With a world of resources around them, the nanocritters could copy themselves far faster than Tomiko's quick shots could destroy them. Devlin knew that Team Proteus could never outfight or outrun all of the voracious machines. They had to find another way.

Their best hope was to get out of the extraterrestrial body and escape the trap.

Devlin descended through dark catacombs into a biological wilderness. He had no idea where he was going, and their time grew shorter every second. Now they had only an hour before they grew back to normal size.

The ever-multiplying nanomachines marshaled their forces and continued the hunt.

Chapter 32

Mission clock: 1:10 remaining

Seated a dozen light years away, as far as Team Proteus was concerned, Felix Hunter clasped his large hands around his knees, trying to maintain his composure. After the last fragmented message from Marc, he felt as if he were frozen inside, not knowing what was happening to his crew.

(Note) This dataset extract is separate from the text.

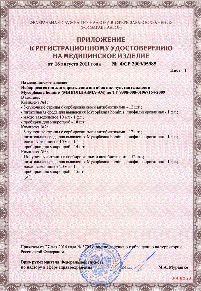 Набор реагентов для определения антибиотикочувствительности Mycoplasma hominis. Комплект № 1 .
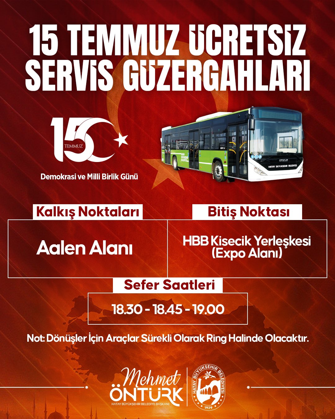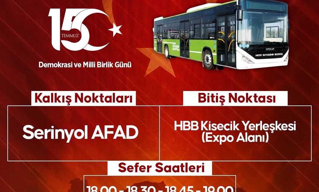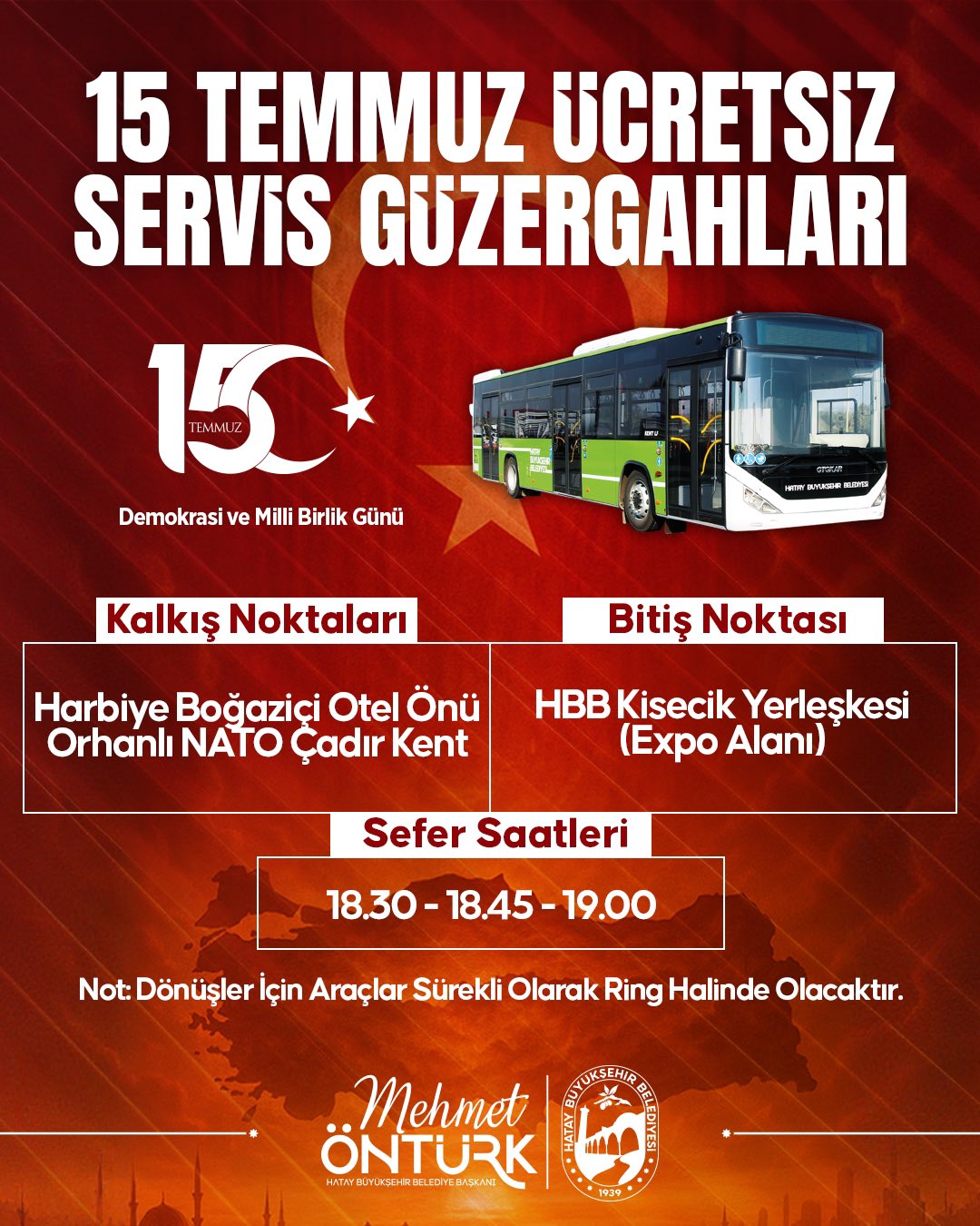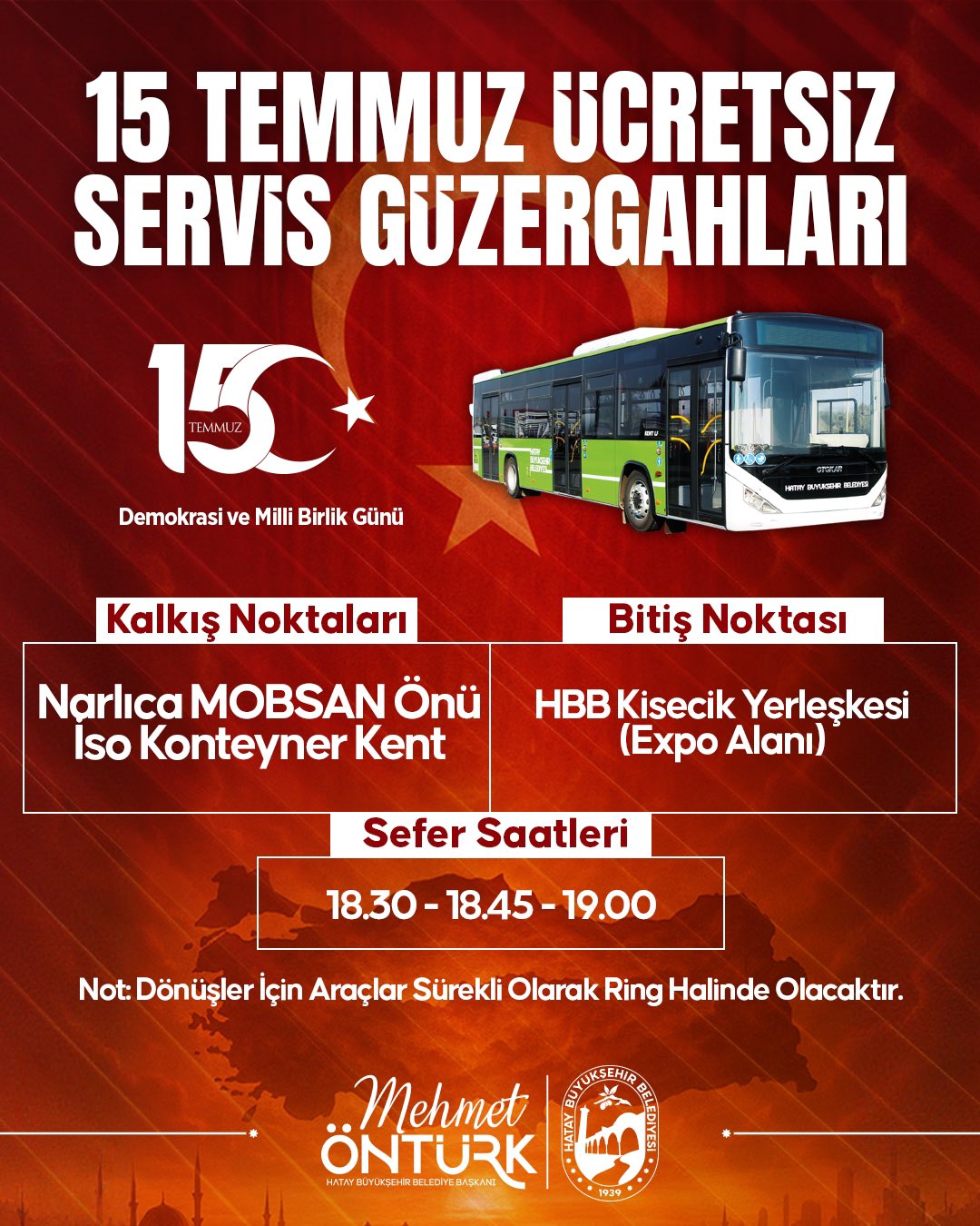 Hatay Büyükşehir Belediyesi (HBB), 15 Temmuz Demokrasi ve Millî Birlik Günü kapsamında düzenlenecek anma programına katılımı artırmak amacıyla ücretsiz servis hizmeti sunacağını duyurdu. HBB Kisecik Yerleşkesi’nde (Expo Alanı) gerçekleştirilecek program için şehrin çeşitli noktalarından vatandaşların alana kolayca ulaşabilmesi sağlanacak. Belediye Başkanı Mehmet Öntürk’ün talimatıyla organize edilen servis güzergahları ve saatleri, etkinliğe katılmak isteyen vatandaşlara yönelik olarak planlandı.

Nanomachines? Swarms? Trying to stay clear? The micro-explorers hadn't been able to get another signal out. The
Mote
could already be destroyed. He should never have sent his son-in-law on the mission.

Hunter loved being at the nexus of every necessary decision, being in charge. Perhaps he should have suited up and gone inside the containment chamber with the two doctors, just to touch the specimen with his own hands…

Vasili Garamov stood up on bony legs and removed a cigarette from his pack. He held it like a talisman in his long fingers, but did not light it. He let out a slow sigh, looking as if he longed for the Cold War days, when no important decision was made outside the confines of a smoke-filled room.

Congressman Durston took great delight in pointing out, “If you want to have a smoke, Mr. Garamov, you'll need to go outside and pass through all the security procedures again. That's probably forty-five minutes, minimum. Think of everything you'll miss.”

Garamov's pale face flushed slightly at Durston's taunt. “I can endure.”